Saved entries:
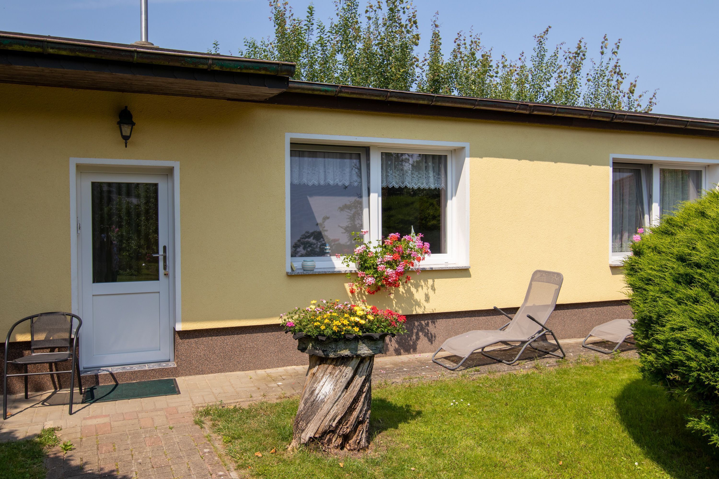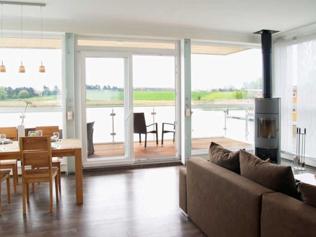 The two cozy 35m² 1-room apartments are located next to each other on the top floor of a residential building in Kröslin. The house is quiet and only about 400m walk from the marina. Both apartments have a living room / bedroom with a comfortable double bed, sitting area with TV, dining table and kitchen corner. The kitchens are equipped with 2-ring hob, fridge, kettle and coffeemaker. The bathrooms have shower and toilet. Each apartment has a spacious balcony with seating. In Kröslin there is a large marina with water sports facilities, a restaurant and a Personenfährverbindung to Usedom. The Krösliner Cycle combines vorpommersche mainland with the island of Usedom and Wollin Peninsula. In the neighboring Freest is a small beach.
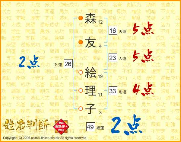 森友絵理子さんの総運は49画の2点!
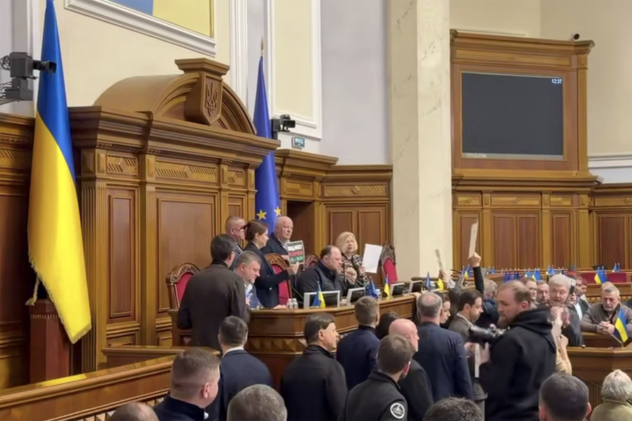 Депутаты от партии «Европейская солидарность» во главе с бывшим президентом Украины Петром Порошенко вновь заблокировали трибуну Верховной рады и потребовали отставки всего правительства страны. Об этом в своем Telegram-канале сообщил депутат украинского парламента Алексей Гончаренко.
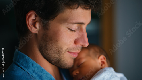 A father shares a tender moment with his newborn baby in love
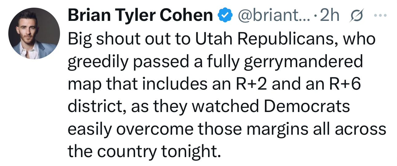 By now you know, Dems had a big night. We won the marquee races for governor in Virginia and New Jersey. We walloped the GOP on Prop 50 in California. We won down-ballot races and flipped lots of seats. And NYC has a young, charismatic Muslim mayor-elect—a historic first.
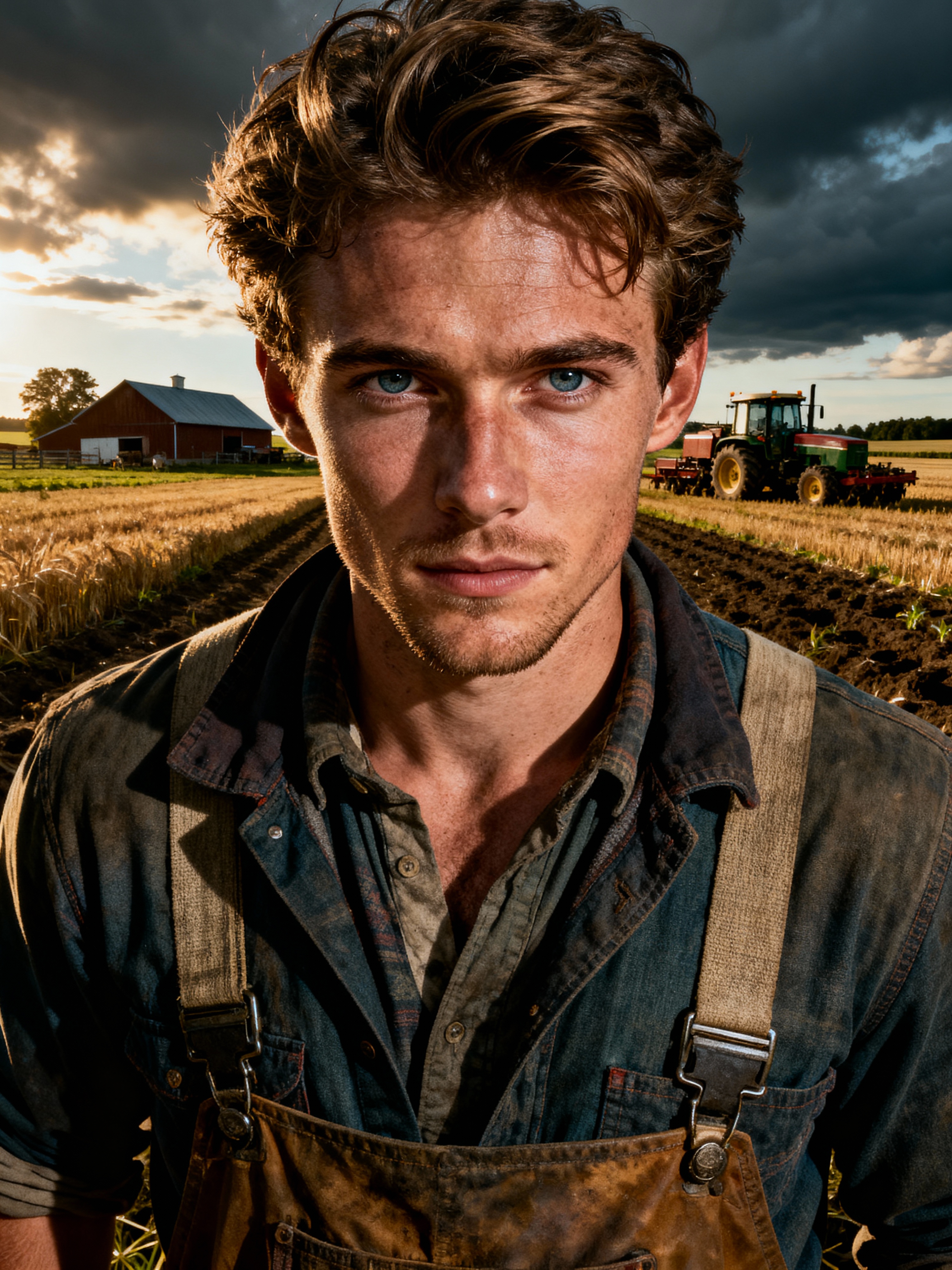 model farmer with farm in background
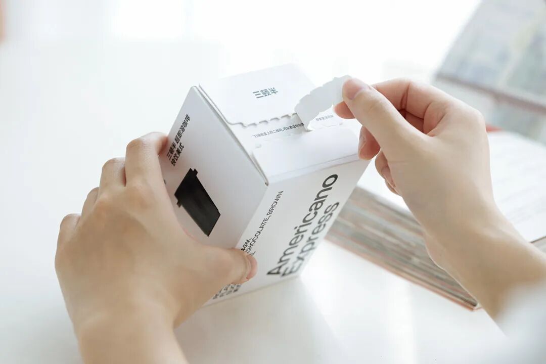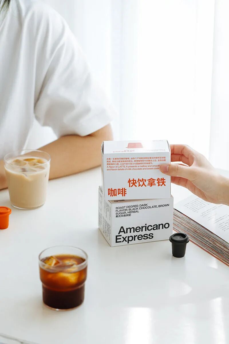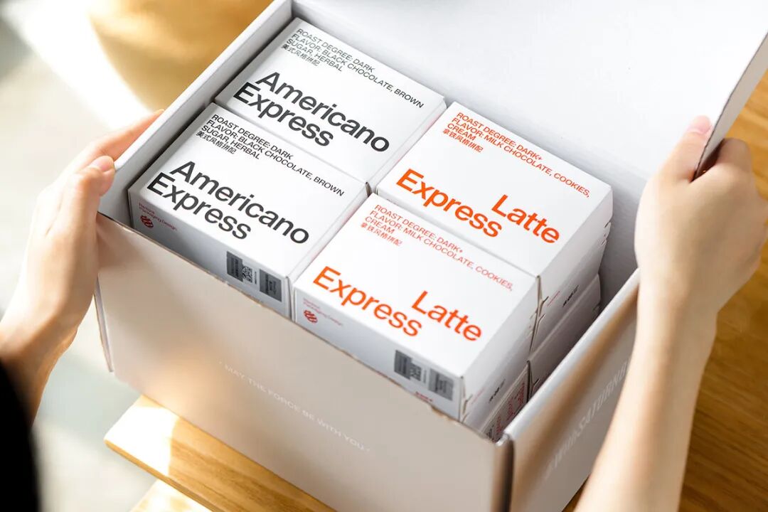 今天来分享三顿半的新快饮系列,包装以全文字的形式进行排版,黑、红两种色调用来区分口味,同时错落有致的文字布局,重点突出、主次分明,简约中又极具高级感。
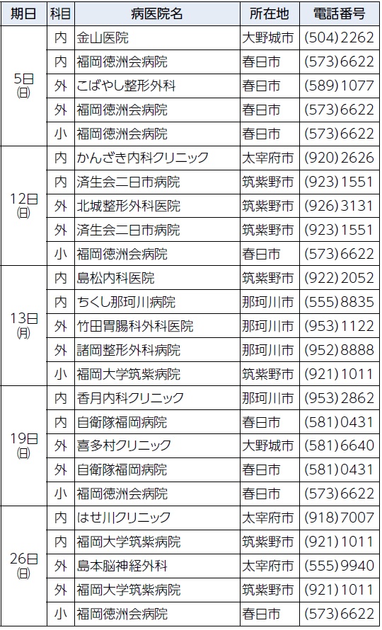 ※令和7年9月号でお知らせしました9/28(日)の休日当番医に変更がありました。

> INSTRUCTIONS FOR THE TASK:
Above, find the line with "A father shares"; copy it and every line down to the line with "model farmer with farm in background", exactly and both included, but no pictures.

> RESPONSE TO THE TASK:
 A father shares a tender moment with his newborn baby in love
 By now you know, Dems had a big night. We won the marquee races for governor in Virginia and New Jersey. We walloped the GOP on Prop 50 in California. We won down-ballot races and flipped lots of seats. And NYC has a young, charismatic Muslim mayor-elect—a historic first.
 model farmer with farm in background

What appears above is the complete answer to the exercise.